I stopped living for the future, and living in the past, and right now I can actually evaluate myself and by my own standards. Look at myself honestly, and change the things I don't like, and rejoice in the parts that I do. 

Which brings us to those motivational pinterest posters people post on facebook. They post these weird idealised things that range from very personal to very aggressive, these statements that they seem to think are about themselves, but I don't think they necessarily are, because most of the time the one they post today would be completely contrary to the one they posted yesterday. But most of them are about some form of acceptance. 
And so I've been thinking about that, and about the 'do unto others' thing, and about the different kinds of friends I have, and what I take away from hanging out with them. And what they could value in me as a friend. And there are traits in friends that I abhor, oddly, because they are generally traits I share. And how the friends I value most, whose opinions I really listen to, are generally completely unlike me. But what does that mean? Do I surround myself with them because they are different, and I need that in my life, or does all this mean I should change? And how does that kind of change work, which parts of us are intrinsic, what is personality, and what is learnt behavior? Which parts of myself do I accept, and which do I change? 
It's a very interesting place to be, if you're willing to be honest with yourself. 

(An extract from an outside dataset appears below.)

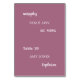 Nom d'hôte Carte Mauve Meal Choice Place avec texte blanc élégant sur un bel arrière - plan de couleur mauve clair. Veuillez utiliser le modèle de personnalisation en ligne pour personnaliser chaque carte de place individuellement avant d'ajouter la carte au panier, pour montrer le numéro de table pour la table particulière où le client doit être assis, le nom du client et le choix de repas (ou restriction alimentaire) pour le client. (Répétez le processus de personnalisation pour chaque carte que vous souhaitez acheter, en ajoutant la carte au panier individuellement à chaque fois). Cette carte de place imprimée arrivera à plat et il faudra donc plier en deux avant de l'utiliser. (La taille avant pliage est d'environ 5 po de hauteur par 3,5 po de largeur, destinée à être pliée de sorte qu'environ 2,5 po par 3,5 po après pliage). Une fois la carte imprimée pliée, le même libellé apparaîtra de chaque côté (de façon à être visible des deux côtés d'une table). Une carte de visite personnalisée pour un mariage élégant ou pour toute autre occasion spéciale.

So the last couple of days I've surrounded myself with art documentaries, and tedx chats about everything from art to creativity to personality. I let it all flow over me while I paint, some things stick, some go right out the window. Some artists are just dogs barking in the night, they make so much noise, and seem so desperate to find any meaning or depth, or maybe just to prove to viewers that there's meaning there. 


"It doesn't matter what kind of subject matter you take on, 
in the end it's going to be a self portrait. 
It will reveal who you are; if it's arrogant, it's about you, 
if it's pretentious, it's about you, 
don't think you can escape yourself by your choice of 
subject matter"
William Kentridge

The one thing I kept hearing was about honesty being key. And I know that we hear only what we want to hear, and of course I'm in the perfect place to hear that. But that really resonated with me today. 
Today I strive to be honest in my art. And honest in myself. And most of all to myself. 

Which to you might sound like more artists barking :P And maybe it is. But it's sincere barking, nonetheless.